Led Lenser P7.2 pics & thoughts

[TCY]

Good torch, really wide beam!

A question regarding the lens. Have you noticed with other lenser models that the lens leaks some light to decoration ring? Is it a drawback from extending the wide end of the zoom, or is it new designed feature to leak some light through lens on the red decoration ring? slight intensity loss can be seen with sealing bounce when zooming. Nevertheless this is by far the widest beam i have seen on lensers


The thing that bothers me is that i assumed 7.2 is not resistor regulated any more, but it still is. Thing that is the most tricky one is how can the led survive as there are zero resistance measured (measured from the cartridge connections that connects to the button) when button is pressed all the way? People do use high end rechargeables on it, like on P7's, and those are well capable of driving destructive current to led. How can it survive?

I took a photo of it.
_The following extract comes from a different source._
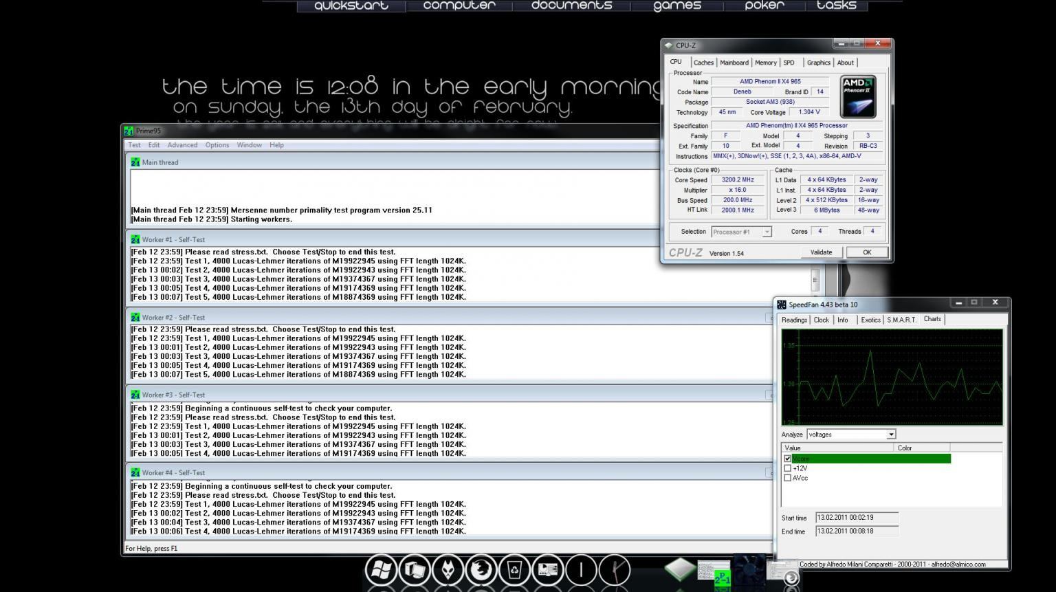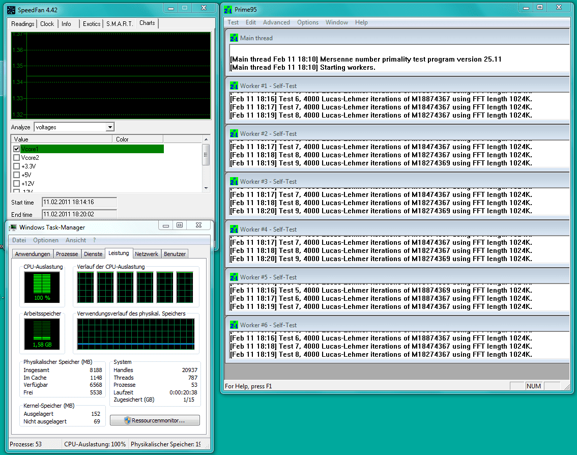 Wollte jetzt mal nach 10 Monaten überprüfen ob die Kühlung noch OK ist (oder evtl Wärmeleitpaste erneuert werden müsste oder sonstwas) und hab zu diesem Zweck mal wieder Prime 95 rausgekramt und mit dem Custom-Test (InPlace FFTs) meiner CPU ordentlich eingeheizt.

But just can not find a way to attach it here..

One thing I forgot to mention, lens-based flashlights like P7.2 will have some LED lumens wasted in the light redirecting process, and these left over lumens light up the little red dots. Or at least I imagine.

 

[Kyle_PL]

As a person who suffered from constantly dimming incandescent flashlights in childhood, I'm pretty confident to say that electrical regulation is a must have feature in modern LED flashlights,

I'm using Ni-Mh in LED Lenser P7.2 . Ni-MH have maybe not perfect, but quite flat voltage discharge curve ( flat, rotated "S" ). ... so, this "constantly dimming" is not so constant dimming on Ni-Mh I'm using this LED Lenser from yesterday, so I will check brightness drop in very near future (I have Fenix E40 for comparison which have brightness stabilisation, and powered by Ni-MH too ).

 

[R_finland]

Thanks Norm. Anyhow l'll forget the photo for now. It is way too complicated for regular IT-guy like me to get it published first, then link here Light leakage anyway can be so clearly seen, when the torch is all the way retracted. Anyone will see it who owns LLP72.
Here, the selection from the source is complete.